Chef Floyd Winder was a large middle-aged man with a military buzz cut, a Utah twang, a piercing intellect, and a wit as dry as the desert. I met Floyd (and Bertha) in May, 1971, just weeks after I had graduated from college.  After all of those high octane professors (and yes, many of them were exemplary and I learned a great deal from their classes), all the papers I wrote, all the hours I had spent throwing around words like etiology, polity, and structural-functionalism, I was full of myself and my fancy education.  Well, as I watched and listened to Bertha and Floyd I saw that they knew just as much about their own fields of endeavor as the professors did about theirs. More importantly, Bertha and Floyd seemed to understand human nature, but still decided to look at people with humor and kindness. Floyd knew his workers well, and if they were smart and conscientious, he just left them to their jobs—no micromanaging from him. Here are three short Floyd stories:

North Rim was about 80 miles from the closest town. So, when we ran out of ingredients, we were out until the next truck made its way up to our kitchen at the end of the road. The pantry staff made seafood cocktail appetizers, using crab, shrimp, lettuce, cocktail sauce–the usual ingredients. They were popular menu items, so we often ran out of the canned crab. What to do? Floyd said put canned tuna on the salad instead. To our alarmed looks Floyd simply noted that tuna comes from the sea.

Grand Lodge kitchen served excellent ice cream and sherbet, but we made ho-hum puddings, cobblers, cakes, and frozen pies baked in house. One time a customer was oohing and aahing to the server about her slice of pie. The guest asked for the recipe, so Floyd cut off the recipe panel from the frozen pie box for the woman. In neither of this or the above instance did Floyd smile.

The kitchen ran well under Floyd’s firm, but (somehow) laid-back rule. The menu was on a set schedule and the food was rolled out mostly the same week after week under his supervision. The only time I ever saw Floyd personally cook any food was when Utah Parks Company hosted a party for the staff. It turned out that not only could Floyd cook delicious food, but, by god, he created an ice sculpture for us.

I have other, more serious, stories about Floyd. When I felt lonely that year in Page, Arizona, I would visit Floyd and his kids at his home in Springdale, Utah right outside of Zion. A kind face and a homey meal meant a great deal to me back in those days when I was so green. A few years later, Floyd would visit Tom and me and our little children when he was up in Salt Lake City for cancer treatments at the VA Hospital.

Growing salads As I’ve mentioned before, I took up growing my own salads many years ago–49 years ago to be precise.
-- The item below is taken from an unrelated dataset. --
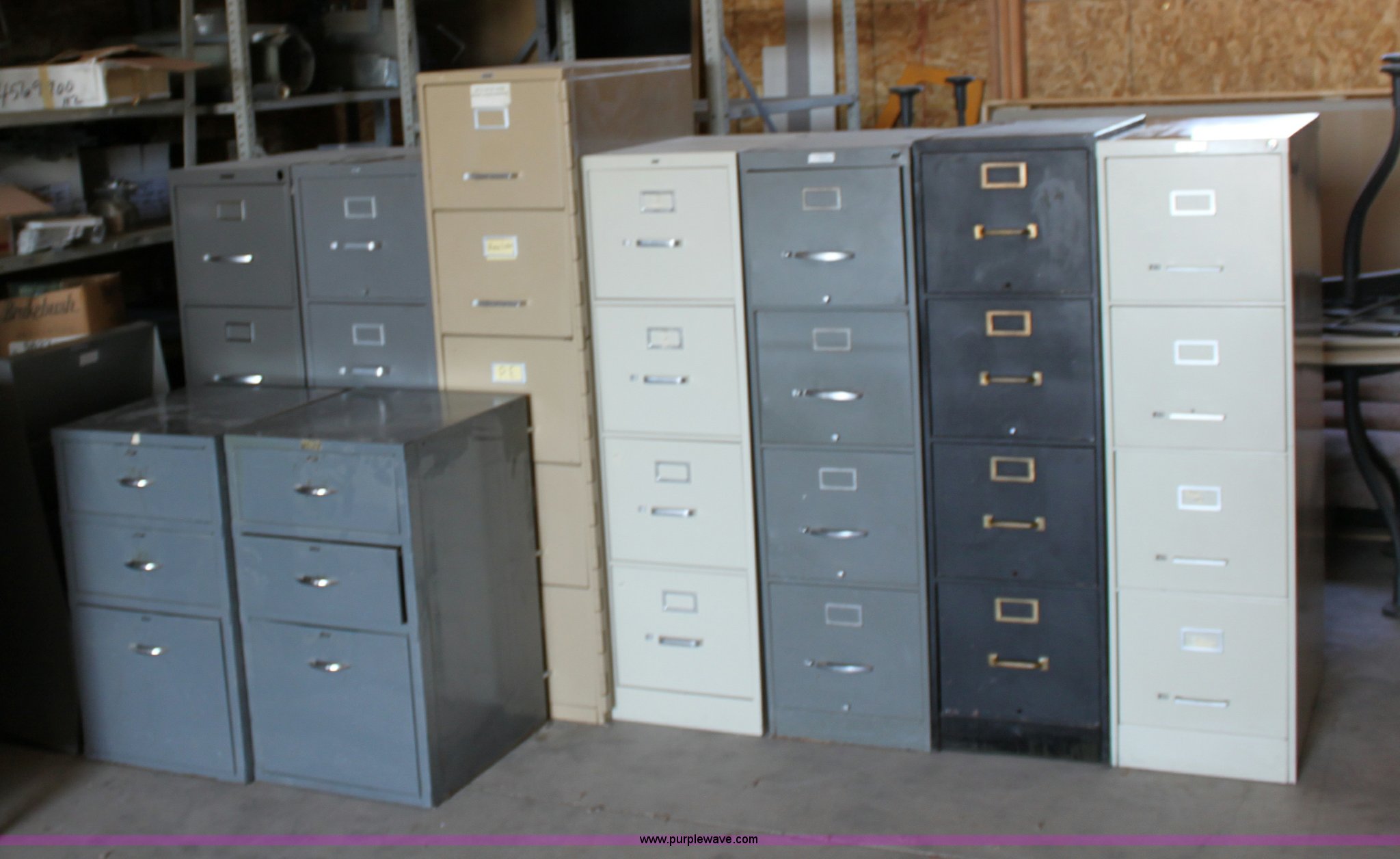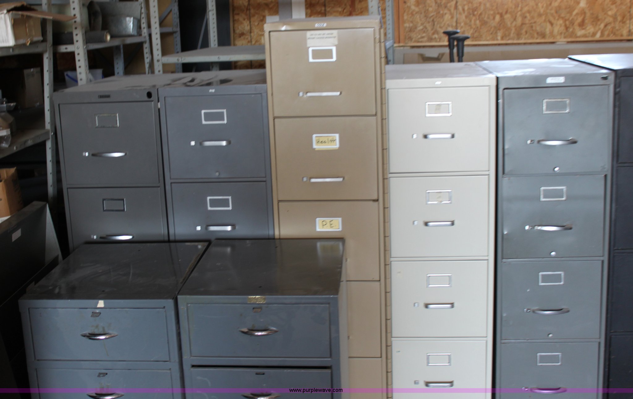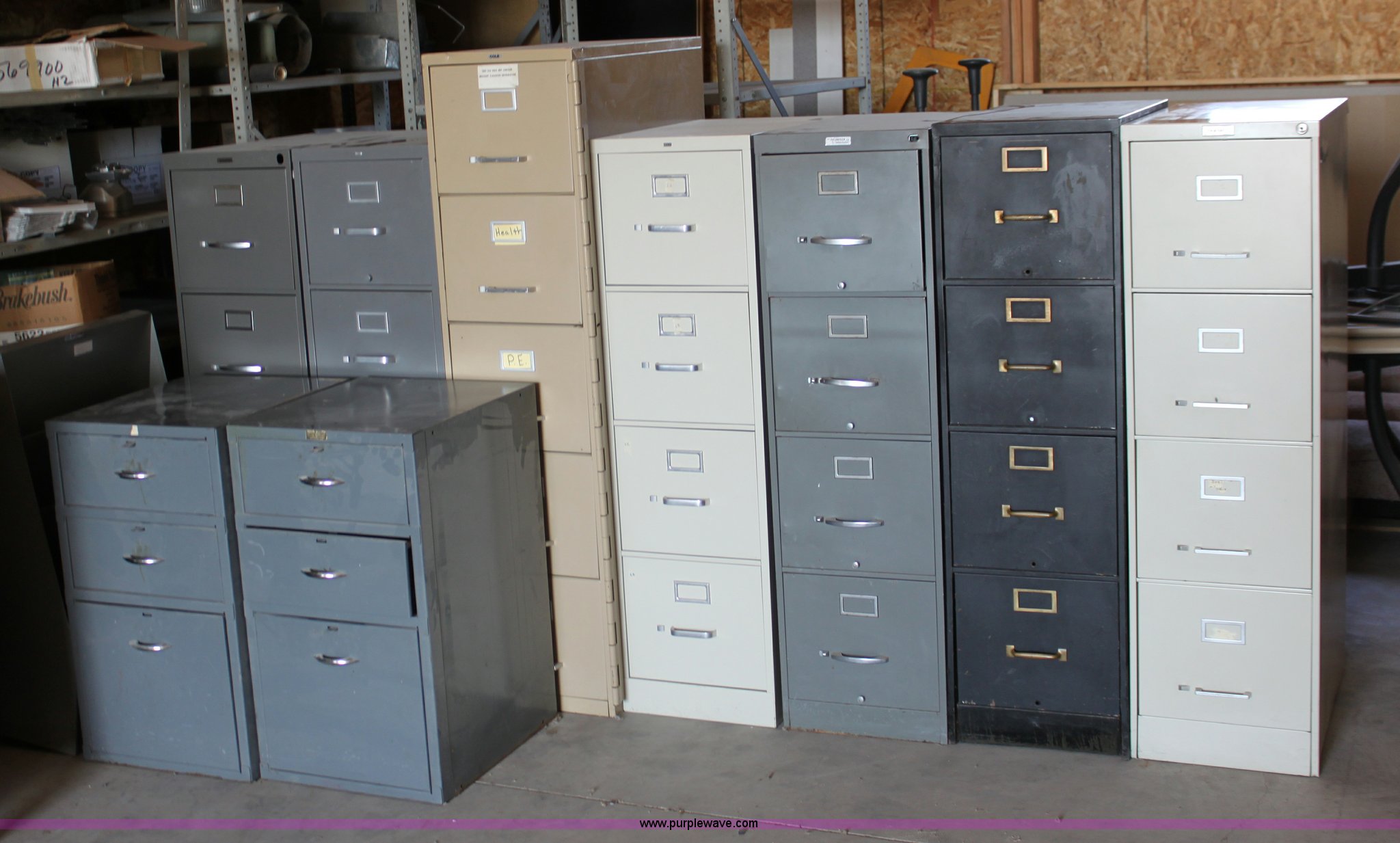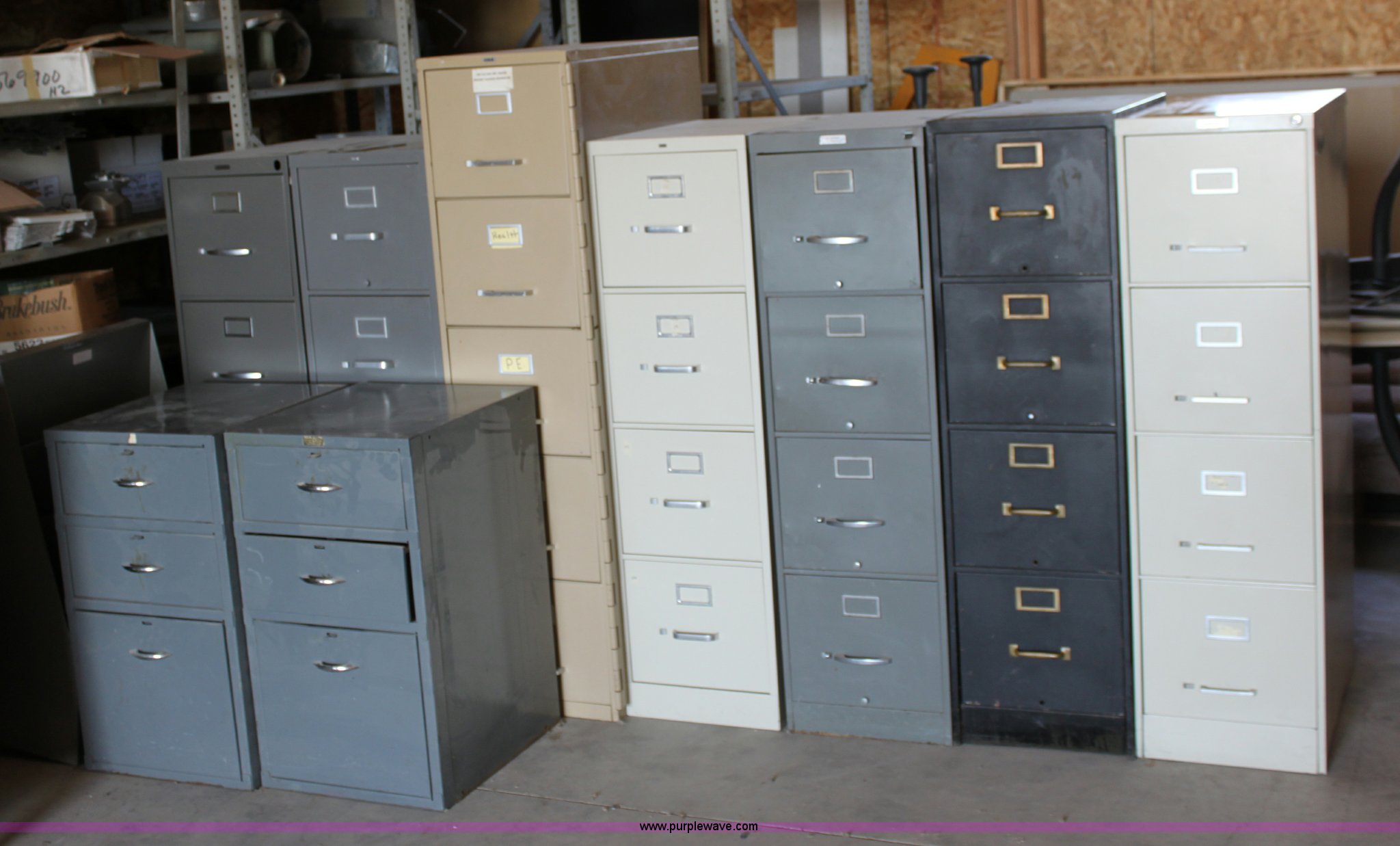Purple Wave is selling a used Office Supplies and Equip. in Kansas. This item is a (9) file cabinets with the following: (6) four-drawer, (2) three-drawer, Five-drawer, Magazine rack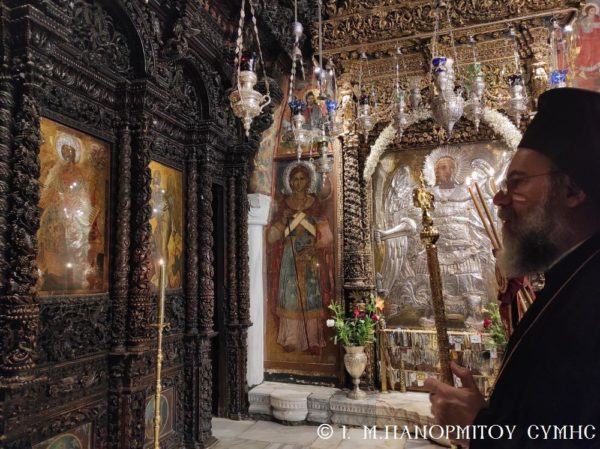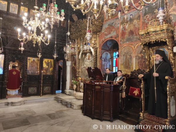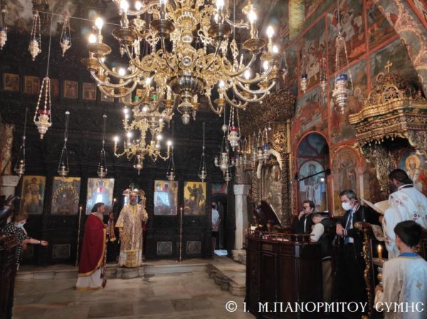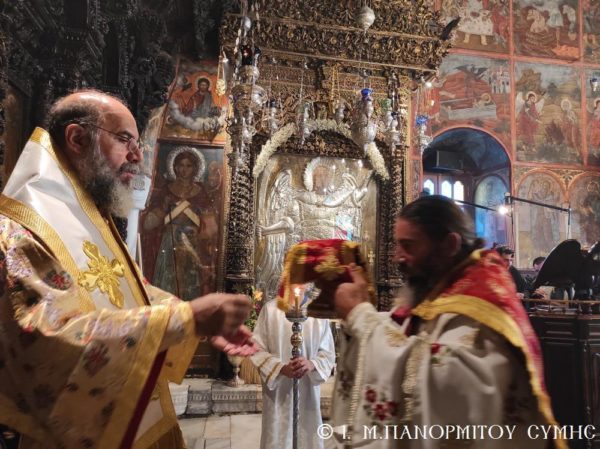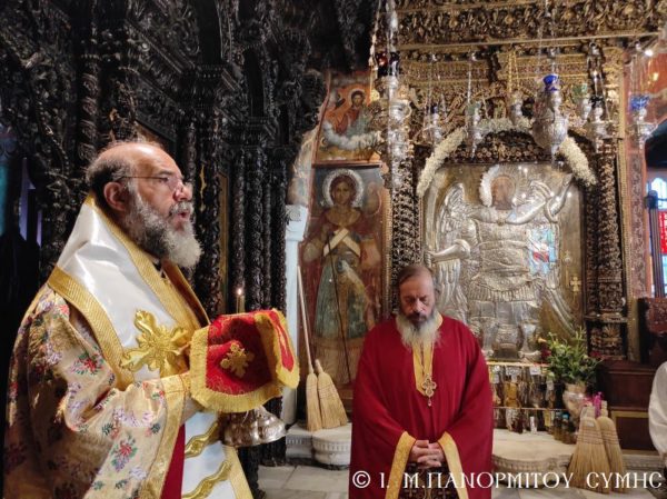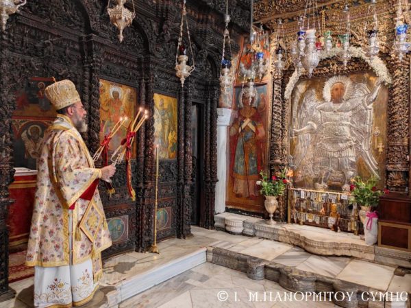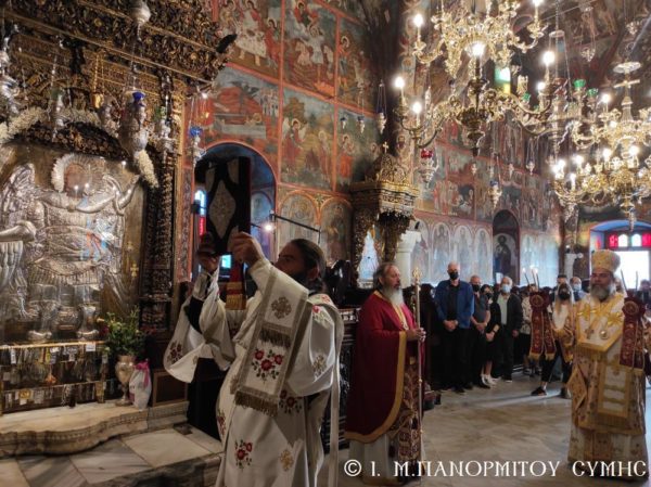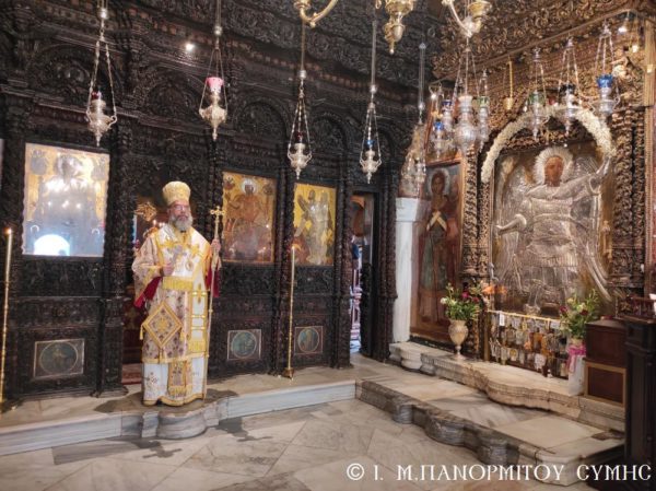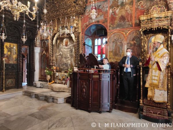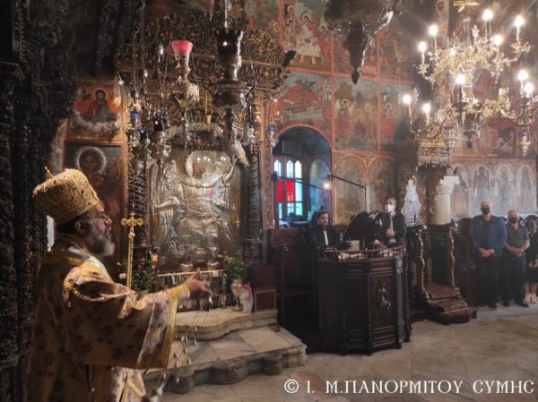 Το πρωί της Γ΄ Κυριακής Λουκά, 10 Οκτωβρίου 2021, ο Σεβασμιώτατος Μητροπολίτης Σύμης, Τήλου, Χάλκης και Καστελλορίζου κ. Χρυσόστομος, σύμφωνα με το μηνιαίο του πρόγραμμα χοροστάτησε στον Όρθρο και τέλεσε την Θεία Λειτουργία στο Καθολικό της Ιεράς Μονής Ταξιάρχου Μιχαήλ του Πανορμίτου Σύμης, με συλλειτουργούς του τον Καθηγούμενο, Αρχιμανδρίτη του Οικουμενικού Θρόνου π. Αντώνιο Πατρό και τον Διάκονο π. Γεώργιο Κακακιό. Το ιερό αναλόγιο διηκόνησε ο κ. Μερκούριος Γιανναράς, Αναγνώστης και Πρωτοψάλτης της Ι. Μονής.

Every garden space (from window sills to large gardens with grape vines and raspberries and corn) is different. Different, but always satisfying. Sometimes plants grow for me and sometimes they don’t, but I am always learning something new from them. Here is a partial list of the salad stuff I’ve grown: many types of lettuce, thyme, basil (five kinds), rosemary, spinach, Swiss chard, cilantro, sugar snap peas, shallots, onions, tomatoes (probably at least 25 varieties), peppers (probably more than 15 varieties), chives, lemon balm, sage, dill, borage, anise hyssop, artichokes, scallions, mint, radicchio, arugula, kale (at least three types), Italian oregano, cucumbers, broccoli, epazote, field cress, mizuna, parsley, lemon grass, and more that I can’t remember right this minute. However, the memories of my mother and the rest of my family, Bertha, Floyd, and all the others remain green.

spring seed packets
Thai basil over-wintered in the house
green leaf black seeded simpson lettuce seedlings, 2/15/23

*I started this article about two weeks ago, I have avoided working on it. Today, I feel spring in the air (and in my bones) and hear it in the birdsong.